Он достал из кармашка гимнастерки квиток на ужин — бумажку с подписью начальника тыла. По таким квиткам кормили тех, кто не стоял на довольствии в столовой.
Глядя, как капитан расправлял на столе квиток, я догадался, что он из госпиталя. Для этого достаточно поглядеть лишь на обувь. По обуви легко определить, сколько человек прослужил в армии — хромовые сапоги сохранились у кадровиков, в основном у политсостава; яловые тоже говорили о том, что человек пришел служить до начала боевых действий, потому что основная масса командиров, призванных после 22 июня 1941 года, ходила в кирзе. На ногах бойцов плескались обмотки. Правда, с сорок второго года появились и немецкие сапоги.
На капитане были новенькие хромовые сапожки: он прибыл из глубокого непуганого тыла, где ночью в окнах домов светятся огни.
— Давай знакомиться, Козлов, — предложил капитан и протянул мне правую руку. — Борис Борисович Иванов.

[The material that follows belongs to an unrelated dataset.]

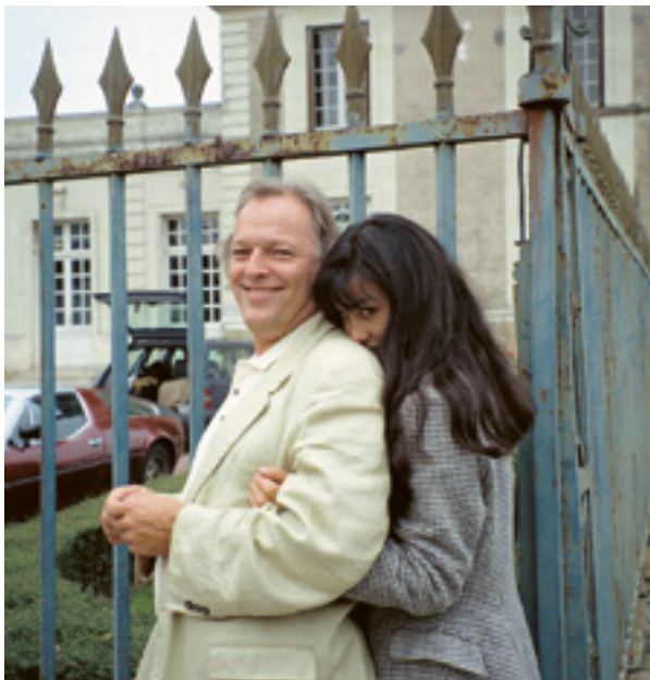
David Gilmour und Polly Samson – sie heirateten während der Division Bell -Tour im Juli 1994.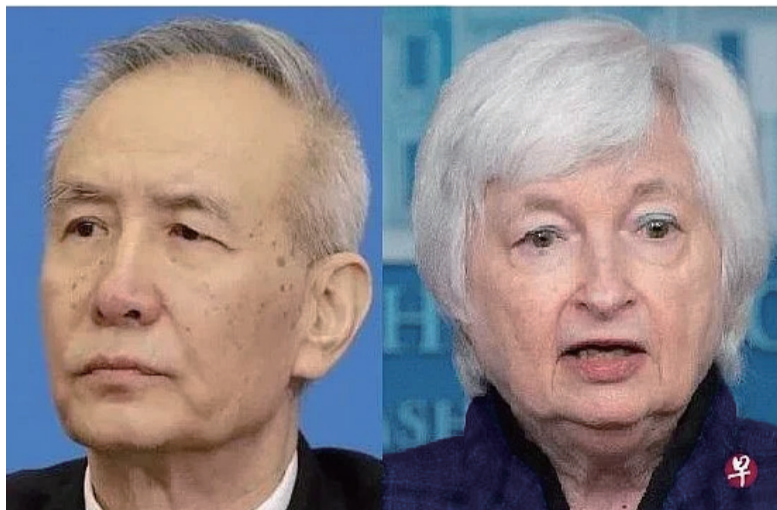
中国副总理刘鹤（左）时隔九个月再次与美国财政部长耶伦（右）举行视频通话。

— Откуда знаете мою фамилию? — спросил я.
— Я все знаю, — заверил капитан.
Принесли две миски с рагу. Когда мы управились с мясом и рисом, перед нами поставили по кружке молока.
Хорошо было сидеть в столовой командного состава — сухо, тепло, светло, пахло вкусно.
Капитан ел не спеша, молоко пил маленькими глоточками.
— Значит, в Бессарабии не был? — спросил он во второй раз.
— Нет.
— Я был… Меня там шарахнуло. Очнулся в Оренбурге. Напротив мечети. По улицам ишаки пасутся, прямо тишь да гладь.
— Вы были пограничником? — почему-то спросил я.
— Нет, кавалеристом… Шить умеешь?
— Умею пуговицы пришивать.
— Отлично! Он отвернул в пилотке клеенчатый ободок, редкими неточными движениями размотал с иголки нитку.
— Пришей на рукав, — попросил он, положив на стол звездочку.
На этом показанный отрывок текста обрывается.